TIDMNSCI
RNS Number : 9991M
NetScientific PLC
19 September 2019
NetScientific plc
("NetScientific" or the "Company")
Portfolio Company PDS Biotechnology announces new positive data
for lead immunotherapy treatment in high-risk human papillomavirus
(HPV)
London, UK - 19 September 2019 - NetScientific plc (AIM: NSCI),
the transatlantic healthcare IP commercialisation Group, is pleased
to note the new data announced today by portfolio company, PDS
Biotechnology (Nasdaq: PDSB), following a post-hoc follow up of its
Phase 1 clinical study of novel immunotherapy PDS0101 for patients
with cervical intraepithelial neoplasia (CIN) infected with
multiple high-risk, cancer-causing types of HPV.

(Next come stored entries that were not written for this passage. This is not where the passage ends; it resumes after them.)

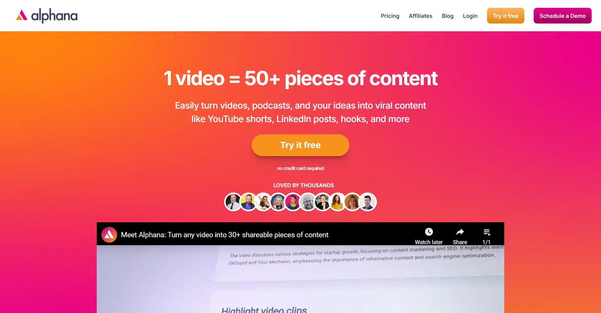 Alphana’s powerful AI cards combine natural language prompts with an intuitive interface, letting you generate content like automatic transcriptions, auto-highlight clips, X (Twitter) threads, LinkedIn posts, newsletters, and more. You can even create meeting notes and summaries, breaking down long meetings into highlights and key takeaways.
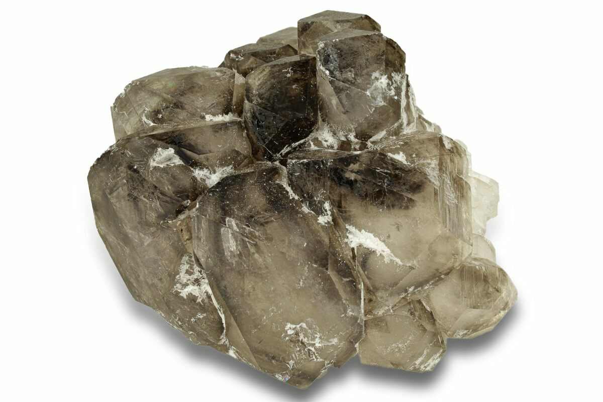 This is a natural smoky quartz crystal cluster from Minas Gerais, Brazil. This type of smoky quartz is commonly marketed as "smoky elestial quartz", or in some cases "jacaré" (Portuguese word for alligator) quartz for some specimens' resemblance to alligator skin. It features a gorgeous glassy luster and excellent transparency.
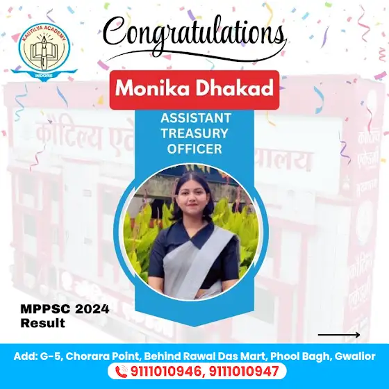 We are proud to share that our dedicated students have achieved remarkable success in MPPSC 2024! This achievement reflects their hard work, determination, and the expert guidance provided by Kautilya Academy.
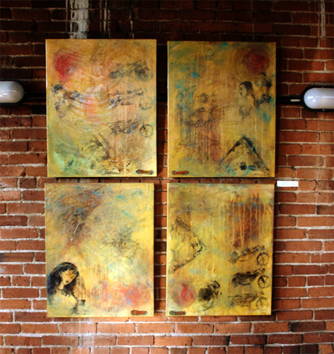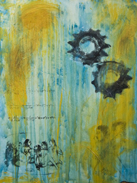 Fireweed is an award winning Emily Carr Graduate, Mother and Motorcyclist. Crossing the mediums with photography, film, video, 2-D art and even fire performance – for her next show she explores the themes of modern technology and ancient rites. Her passion for riding motorcycles and for the ancient near east and Indian culture have brought her to the top of the Himalayas on small dirt bikes and into the archives of Eastern European engineering/scientific museums discovering that science and old mythology have links – you just have to look between the lines. With each stroke and each layer, sometimes taking as many as three months to finish twenty layers of paint on each work she pushes the boundaries of fabricated and body mechanics in humanity and machine. Ascetics and meditation can be found motorcycling with full awareness on a mountain highway or it can be as simple as reaching for a loved one with a kiss, holding your child in your arms or examining the internal mechanics of a 1520 cc motorcycle engine scattered across a cement floor. Focusing her energy on the texture and the meditation of getting to a place of deep layering with symbols carried throughout: an old poem, an ancient plaque from a Buddhist stupa in Katmandu, blueprints from one of her favorite motorcycle parts, sculpture from a tantric temple in Northern India, a detail from a dragonfly’s wing, scientific formulas of “counter-steering” and other physics formulas that have become part of our day to day lives and mean something to her or her loved ones – the paintings combine two very different facets of life in a sensual way. This fusion of science and sensuality both holding a mysterious spell over the viewer to try to find more, to meditate more, to breathe more, to look deeper, to touch your loved one more…to find peace and love in this industrial place we call the City. |
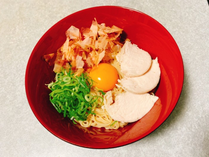 沸騰したお湯に5分ゆでた麺を水洗いして、具材をのせたら完成です。
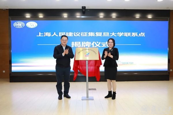 周亚明、上海市信访办副主任张俐蓉共同为“上海人民建议征集复旦大学联系点”揭牌。
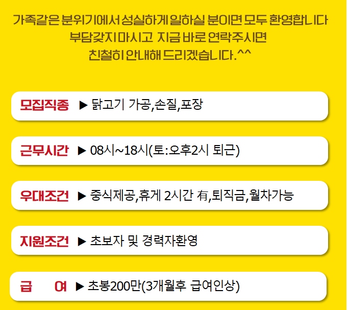 - 주5일근무 이나 주 6일, 잔업가능자 별도 채용중입니다.
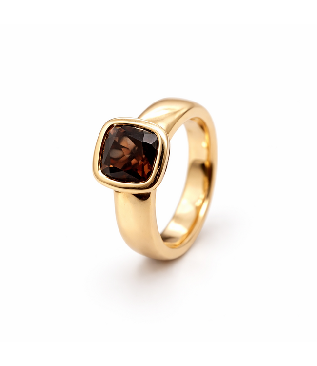 Prachtige ring van het Italiaanse merk Positano. De ring is gemaakt van 18kt geelgoud en is voorzien van een rookwarts. Deze ring is een ware eye-catcher. Voor meer informatie neem dan gerust contact met ons op!
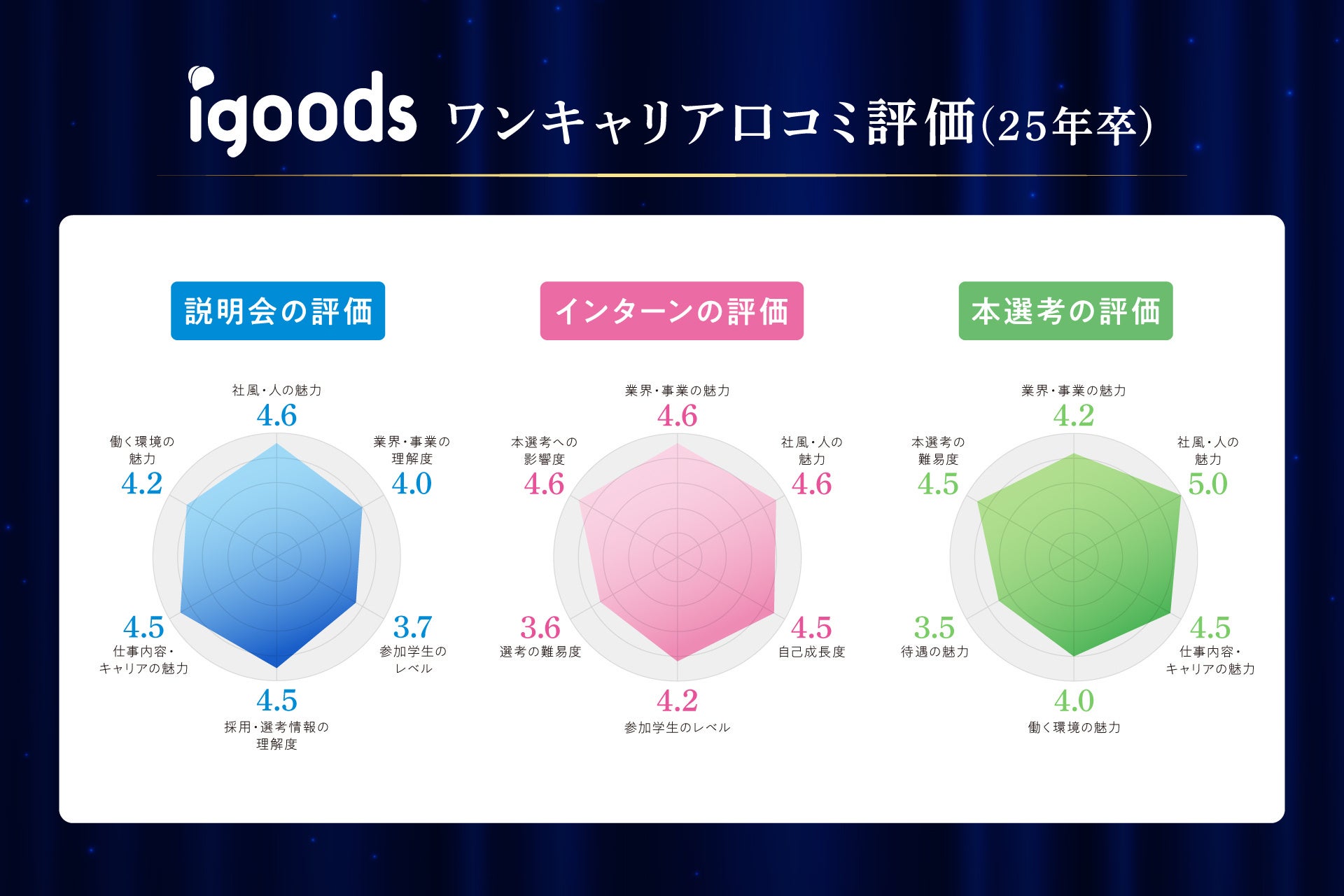 実際のクチコミでも、「メイン事業のフルオーダーグッズ営業体験ワークのレベルが高く、業務内容はもちろん、やりがいや困難まで体感できた」「フィードバックをくれる社員が、実際の上司のような関わりをしてくれたため、人に本気な社風が伝わった」などの声がみられ、アイグッズの業務・社風をリアルに知れる点で学生から評価をいただいています。
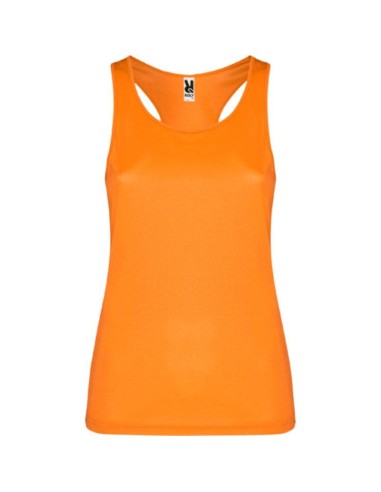 Es una camiseta de tirantes transpirable para mujer modelo SHURA. Es de la marca Roly.

Ian Postlethwaite, CEO of NetScientific, said:
"We are delighted to see this additional data which further
validates the potential of this new treatment for patients
suffering with high-risk HPV. 2020 will be an important year for
PDS as PDS0101 enters three Phase 2 clinical studies to evaluate
PDS0101 as a monotherapy in CIN2/3; to evaluate PDS0101 in
combination with KEYTRUDA(R) in collaboration with Merck and Co for
the treatment of HPV16-positive head and neck cancer; and to
evaluate PDS0101 in combination with two other novel clinically
tested immunotherapies in advanced HPV-associated cancers to be
conducted by the National Cancer Institute (NCI). We believe that
the continued strong progress of the PDS immunotherapy portfolio
and NetScientific's shareholding within demonstrates the potential
of increasing value for our shareholders as we seek to realise full
value of our investments in the coming months."
# # #
Below is the full announcement made today by PDS
Biotechnology:
PDS Biotechnology Reports Clinical Data for Its Novel
Immunotherapy PDS0101 in Follow up to Phase 1 Human Trial
60% of evaluable patients demonstrated a clinical response
Clinical activity observed at all dose levels
Data support previously reported in-vivo induction of active
HPV-specific (granzyme B-inducing) CD8+ (killer) T-Cells in
patients
Plan to initiate three Phase 2 studies for PDS0101 starting in
1Q 2020
Berkeley Heights, NJ, September 18, 2019 - PDS Biotechnology
Corporation (Nasdaq: PDSB), a clinical-stage immuno-oncology
company pioneering the development of novel immunotherapies, today
announced that it has reviewed limited available patient clinical
outcome data from its previously reported Phase 1 study. In the
study, 60% of evaluable patients had a clinical response (as
defined below). The primary focus of the study was safety and
evaluation of immune biomarkers resulting from administration of
Versamune(R)-based PDS0101 in patients with cervical
intraepithelial neoplasia (CIN) infected with multiple high-risk,
cancer-causing types of human papillomavirus (HPV). These
newly-available clinical data are the result of a post-hoc follow
up which was not part of the protocol design. The novel
Versamune(R) mechanisms of action and the resulting unique
regression of advanced preclinical tumors were recently published
(Journal of Immunology, Vol. 202, Issue 1215 June 2019).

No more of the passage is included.